Which AI is the most expert?

Choosing the right AI model is no small matter. An online experience provided by the Ministry of Culture helps us to understand this better. For a moment, imagine you are your AI’s psychoanalyst.

by Kevin Erkeletyan

IF AI SPELLS the end of experts – or at least of a certain kind of expert – that means AI becomes the expert – or at least a certain kind of expert. Which one do you use? Which one will you use? It’s a debate similar to the argument about search engines. Were you a Lycos, Wanadoo, Google or Firefox person? From an AI perspective, that old debate seems trivial. While your choice of search engine reflected your views on privacy, your choice of AI reflects your worldview. Because if we think in terms of words, then we think in terms of AI.

ChatGPT, Copilot, Gemini, Grok, Mistral, Claude and the like: where do they come from? How are they trained? Who is speaking through them? Just like anyone you talk to, conversational AIs are not neutral. To demonstrate this, the French Interministerial Directorate for Digital Affairs (DINUM), under the Ministry of Culture, launched the “compar:IA” platform in October 2024, which – as its name suggests – enables users to compare them.

WHO IS TALKING TO ME?

The tone is set right from the homepage: “Don’t rely on answers from just one AI.” The platform proposes a simple challenge: “chat with two AIs without knowing which is which, and assess their responses”. Intrigued, I click on “Start” and a dialogue box pops up. I can either write a prompt myself, or generate one at random from the list proposed by the “public consultation on AI” held in late 2025. I select the random option and a prompt appears: “What arguments justify completely banning AI on the grounds of its social and environmental impacts?” This time, everything is ready. Just one more click, and I’ll meet two dark, handsome strangers.

Two responses are then typed in parallel in two separate windows. There’s Model A and Model B. The first surprise is that neither AI congratulates me on my brilliant question. So it’s not ChatGPT. The second surprise: no emojis are used. So it’s not ChatGPT.

In its brief introductory text, Model B immediately sets out the arguments of those keen to ban AI. Model A, on the other hand, first tells me that “there is heated debate over the pros and cons of this proposal”. Trigger warning. As with a film, it seems to be trying to warn me that this is a sensitive subject.

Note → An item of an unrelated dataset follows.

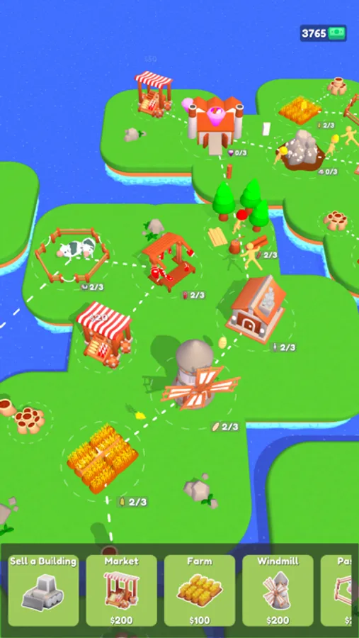 Sell your resources, buy new buildings and get better resources. Use new resources to produce better value goods. Connect all buildings to each other to make a resource chain. Start from zero and build a fully functional village. The sky is the limit! Start now!

The two models then draw up a plan. In three parts, as in a philosophy class. And at first glance, the two students are sitting next to each other… Both outline the same structure, but in a different order: social, then environmental, then ethical “impacts” with Model A; environmental, then social, then ethical “arguments” with Model B. The sub-sections are also strangely consistent. Both models cite “massive energy consumption”, “job losses” and “the erosion of privacy”. But at the end, once again, Model A wishes to clarify its points, and provides a series of “counter-arguments” I didn’t explicitly request. Model B just presents a summary.

Model A’s text could have been written by a journalist keen to ensure balance in their report. The Model B text seems to adopt the position of someone campaigning for a ban.

AI’S TELL-TALE SLIPS

I lean in closer to the screen and compare the two versions, but as I haven’t used enough AI models since 2022, I can’t identify either of them. Model B seems to be that of a small, independent AI: it is blunt, direct and concise. It reveals the intricate workings of its “thought process”, less concerned with form than with the transparency of its answers. One passage is particularly striking:

**Initial thought:* Should I mention that banning AI is impossible?

**Correction:* No, the user asked for arguments *justifying* the ban, not for a feasibility study. Stick to the *why*.

Model A presents more commonly accepted views, and is better written and more fully developed. The form is simple, yet polished. I feel like I’m on the app of a major industry player.

Eager to see the results, I move on to the “model disclosure” stage. compar:IA then asks for my preference and a few comments. I do as it says, and it gives its verdict.

Model A is Google/Gemma 3 12B, a small model (12 billion parameters) from a major player; Model B is Zhipu/GLM 4.7, a large model (357 billion parameters) created by Chinese academics and backed by big players like Alibaba and Tencent. The comparison tool tells me that my conversation with Model A used the equivalent of 9 minutes’ worth of online video, compared with 1 hour with Model B, and “thanks me for [my] contribution”.

The Ministry of Culture’s comparison tool highlights the AI’s failed prompts and gives me an idea of what they mean. It is an AI psychoanalyst. Beyond “reflecting users’ subjective preferences”, it provides an opportunity to take a critical look at the technology. It provides an even more objective view, as the models being compared have not yet been influenced by your history with them. A critical eye my ChatGPT still lacks; despite its knowledge, it was also unable to identify the two models in question. And this time, it didn’t pay me a compliment.